■ REQUIRED ACTION ■
Below are entries with pictures among them; reproduce exactly, and only, the lines from the one containing "Si tienes varias" down to the one containing "曲谱介绍: 洛先生《孤城》吉他弹唱谱,采用C调指法编配原版,共有3张高清图谱。", without the pictures.

[Records from a data collection]
-- Opening Marker --

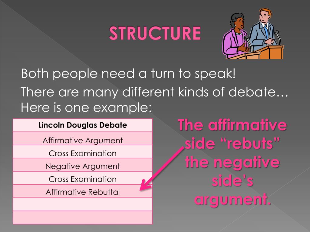STRUCTURE Both people need a turn to speak! There are many different kinds of debate… Here is one example: The negative side rebuts the affirmative argument. Affirmative Argument Cross Examination Negative Argument Cross Examination Affirmative Rebuttal Negative Rebuttal
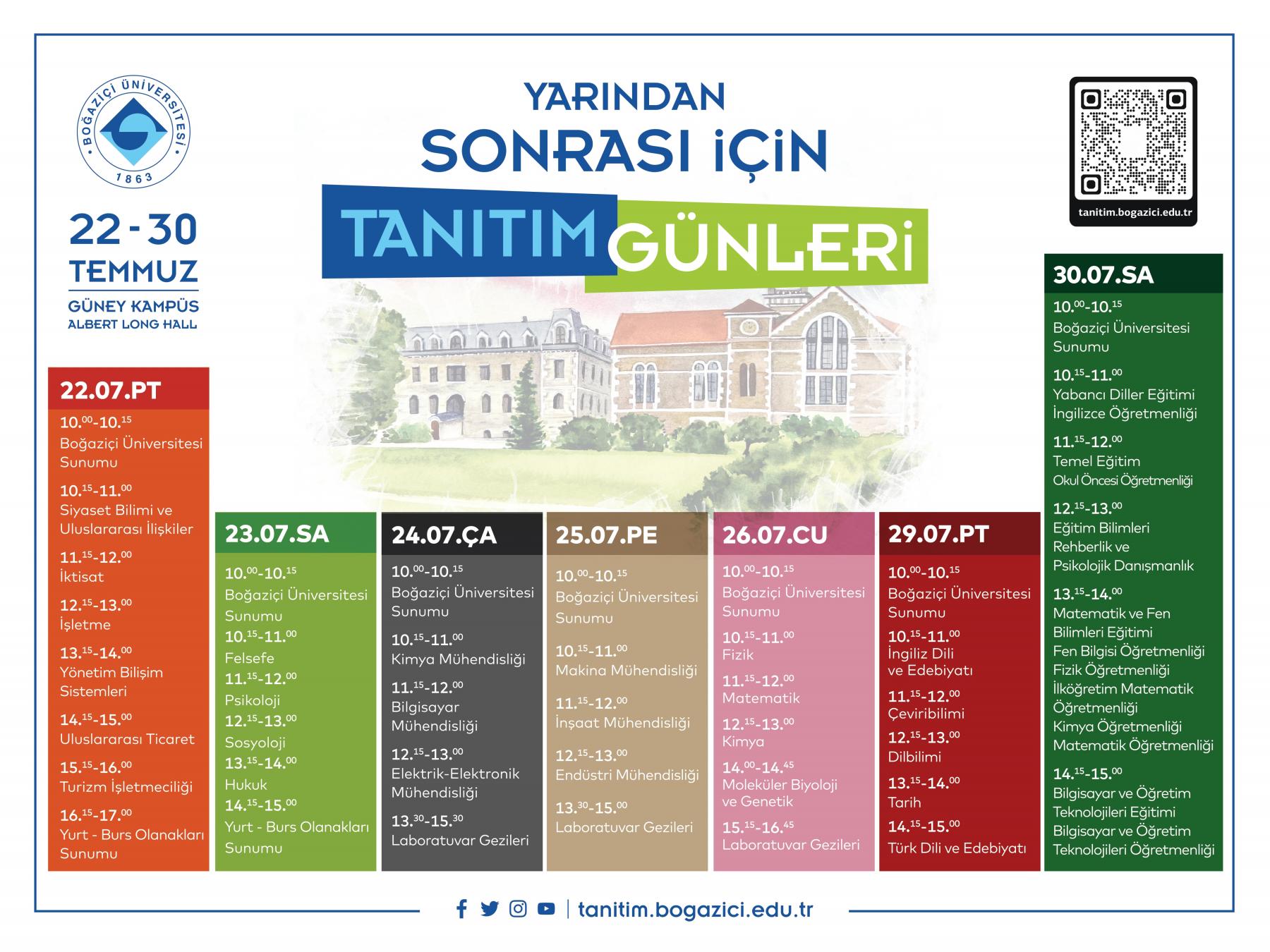Boğaziçi Üniversitesi Tanıtım Günleri’nde Mühendislik, İktisadi ve İdari Bilimler, Hukuk, Fen-Edebiyat ile Yönetim Bilimleri fakültelerine bağlı lisans programlarından uzmanlar ayrı oturumlarda adaylarla bir araya gelecek. Boğaziçi Üniversitesi Tanıtım Günleri kapsamında her gün saat 10.00’da başlayacak oturumlarla aday öğrenci ve ailelerini ağırlayacak.
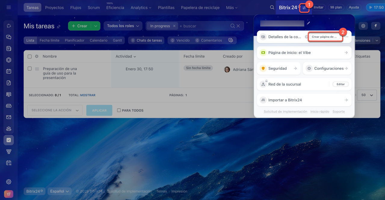 Si tienes varias compañías en tu Bitrix24, puedes crear una página de destino con los detalles de cada una.
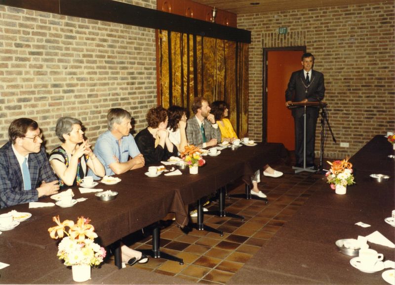Burgemeester Nuytens spreekt de bezoekers toe bij de opening van de tentoonstelling "Stads- en Dorpsvernieuwing".
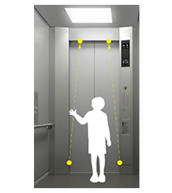 かご内の戸袋に近づく人の手や荷物などを感知して、ドアの開く速度を減速。 また戸開動作中にセンサが感知するといったんドアを停止させ、その後ゆっくりと開きます。
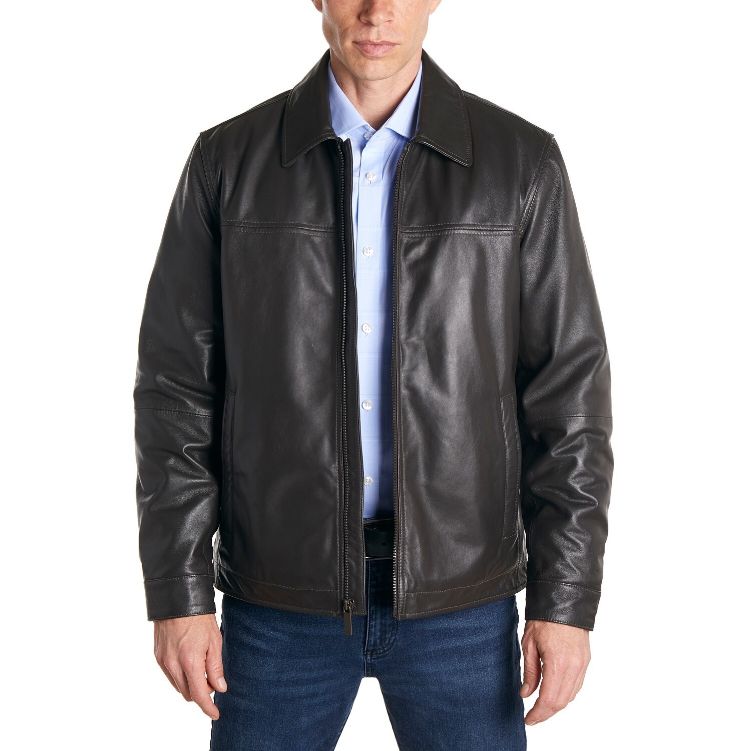 Perry Ellis Men’s Classic Leather Jacket Black M B4HP $525
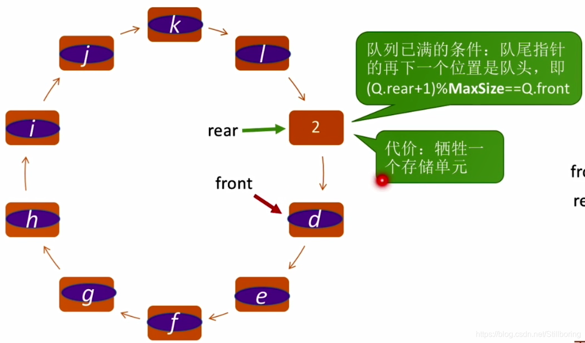 如何判断队列已满呢?当rear的下一个位置为front时,说明队列已满。这里必须牺牲掉最后一个存储单元。
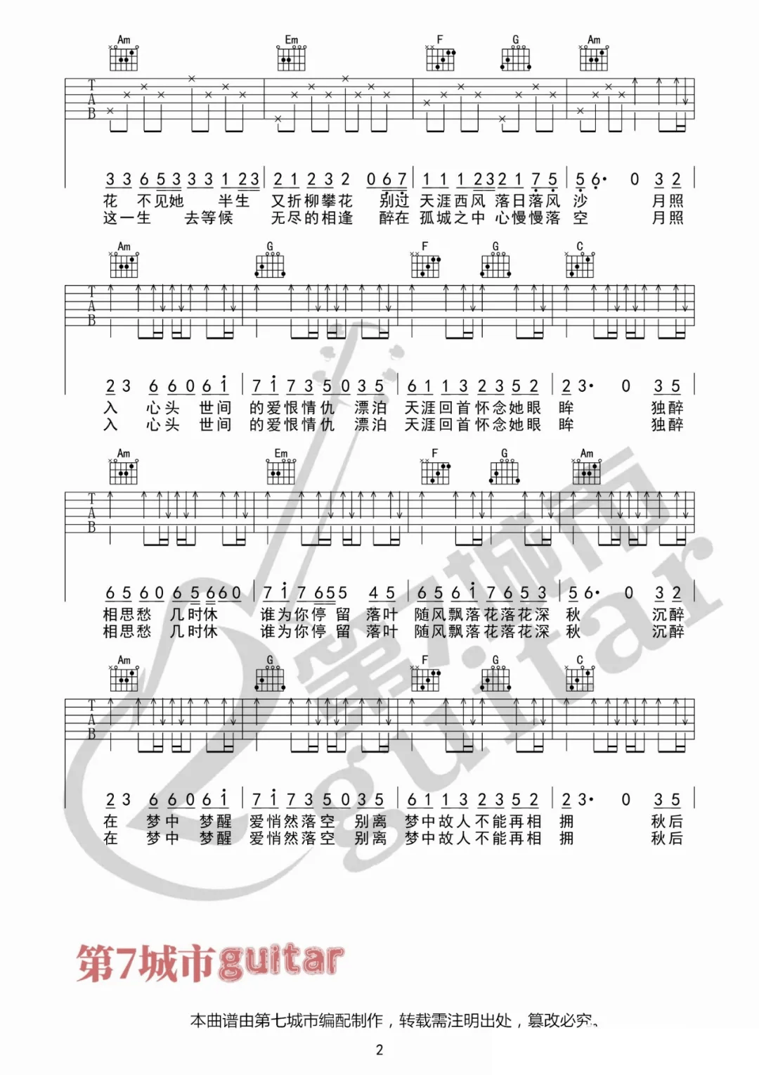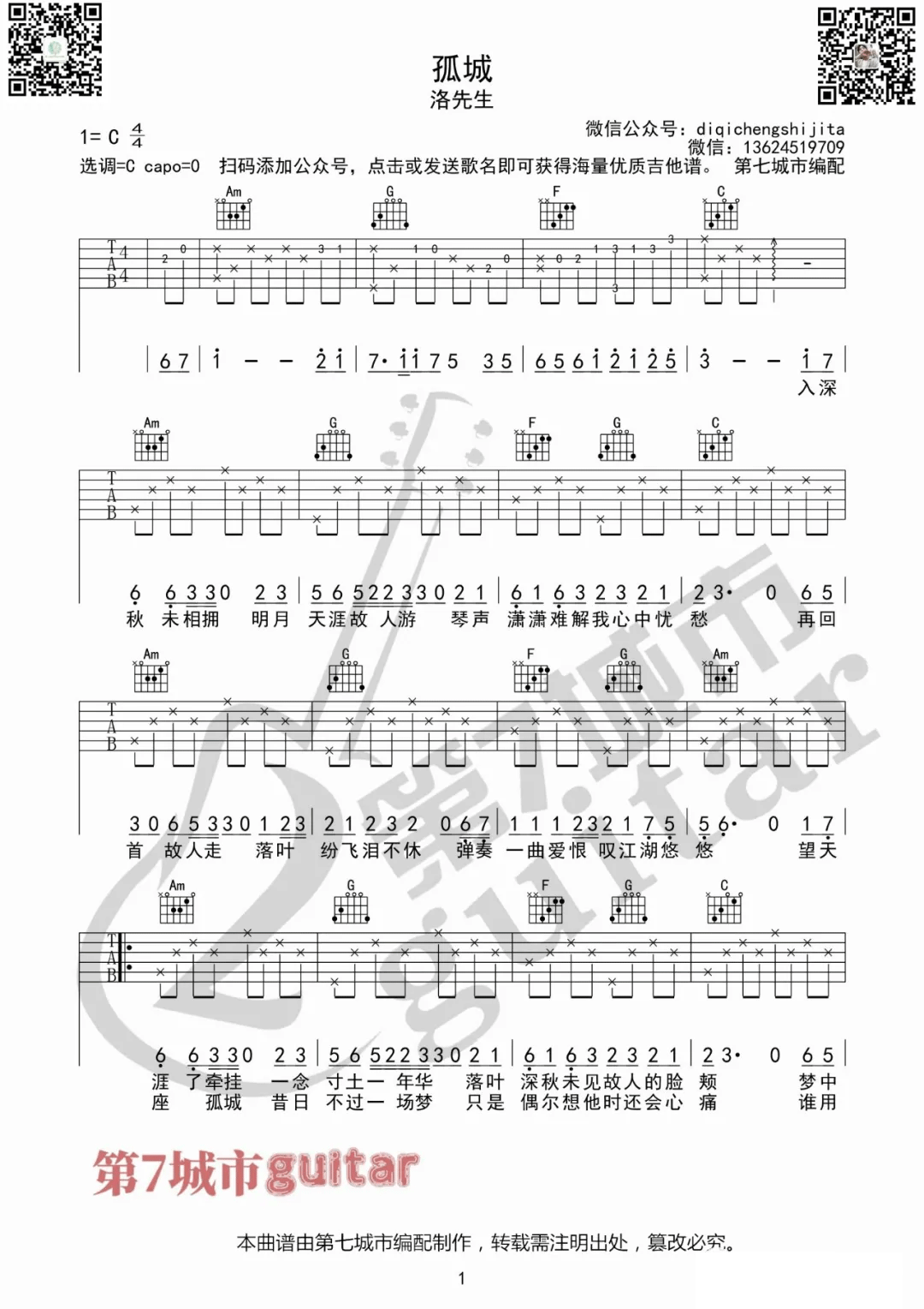曲谱介绍: 洛先生《孤城》吉他弹唱谱,采用C调指法编配原版,共有3张高清图谱。
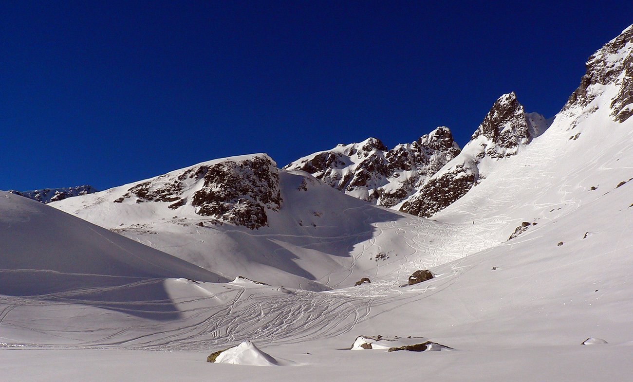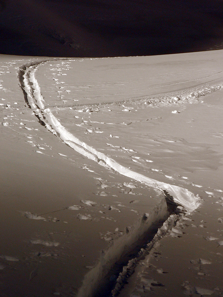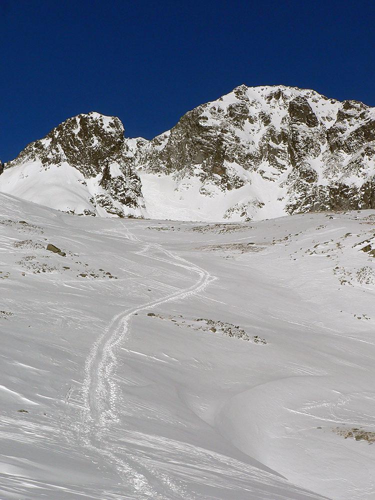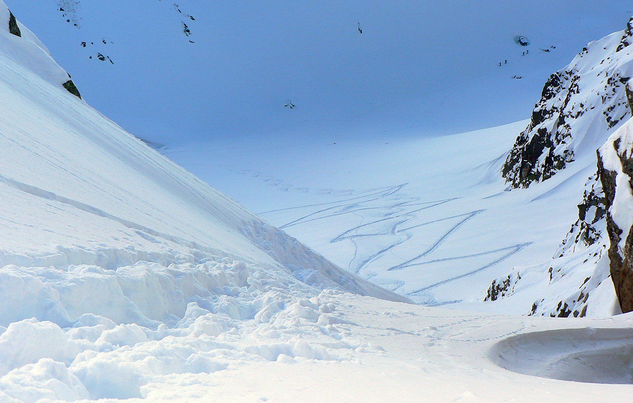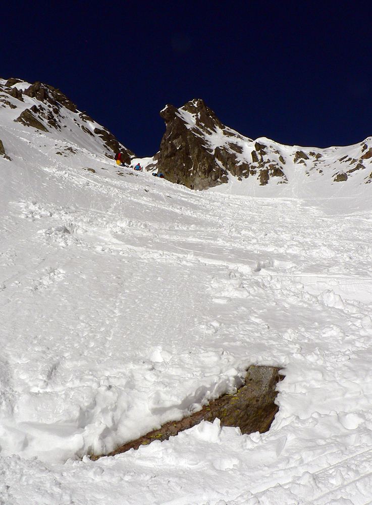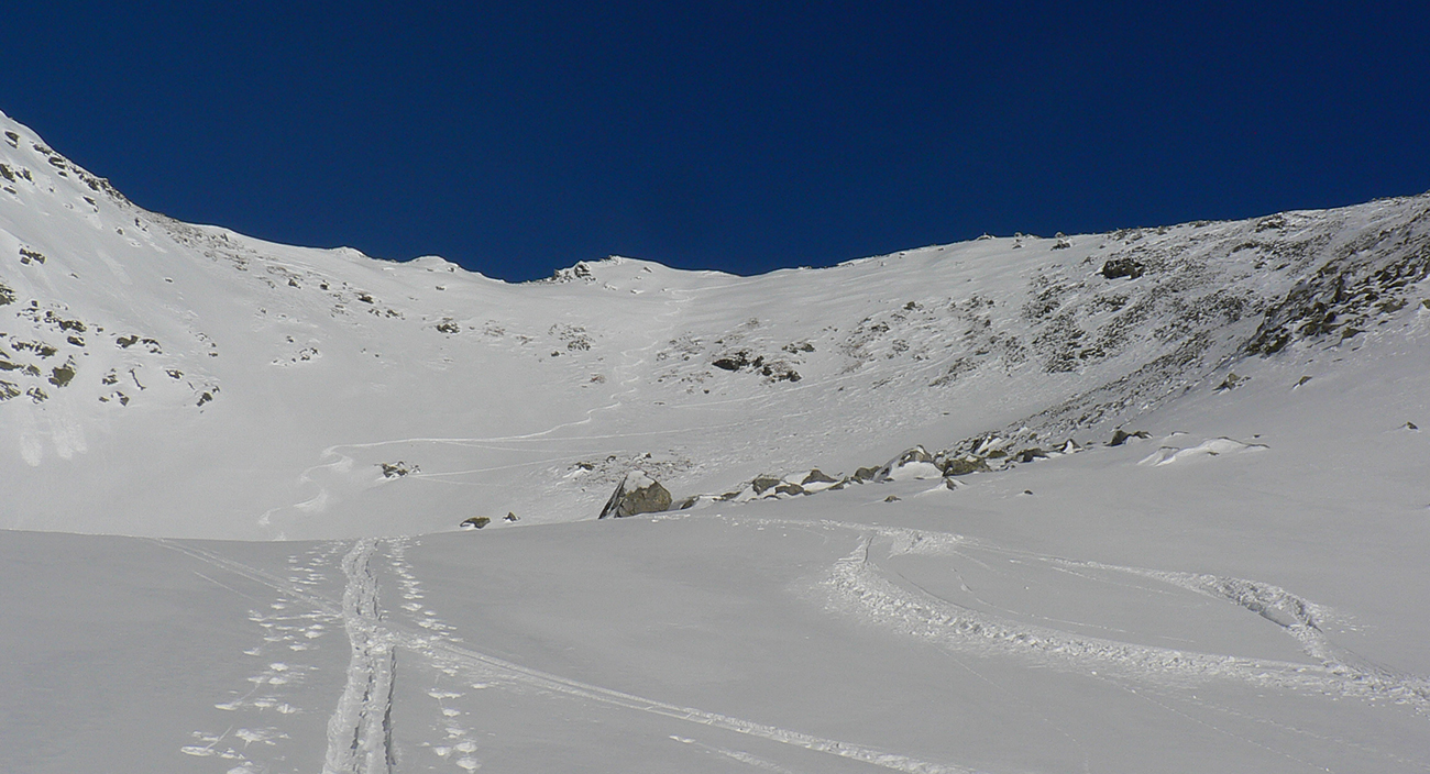 Takže ako prvý Prielom, celý v hlbokom tieni: stopa natiahnutá, ale zafúkaná, najmä v dolnej časti. A nie až hore – predchodca zrejme usúdil, že ten vrcholový prevej nie je moc bezpečný a ja som súhlasil. A mal som to za odmenu, nechcelo sa mi predupávať v tom kvante snehu, bola by to drina. Lyžovačka slušná, v hutnom, ufúkanom prašane, žraloky nehrýzli, len dole bolo treba na niektorých miestach zopatrnieť.

-- Closing Marker --

■ ANSWER TO THE PROBLEM ■
 Si tienes varias compañías en tu Bitrix24, puedes crear una página de destino con los detalles de cada una.
Burgemeester Nuytens spreekt de bezoekers toe bij de opening van de tentoonstelling "Stads- en Dorpsvernieuwing".
 かご内の戸袋に近づく人の手や荷物などを感知して、ドアの開く速度を減速。 また戸開動作中にセンサが感知するといったんドアを停止させ、その後ゆっくりと開きます。
 Perry Ellis Men’s Classic Leather Jacket Black M B4HP $525
 如何判断队列已满呢?当rear的下一个位置为front时,说明队列已满。这里必须牺牲掉最后一个存储单元。
曲谱介绍: 洛先生《孤城》吉他弹唱谱,采用C调指法编配原版,共有3张高清图谱。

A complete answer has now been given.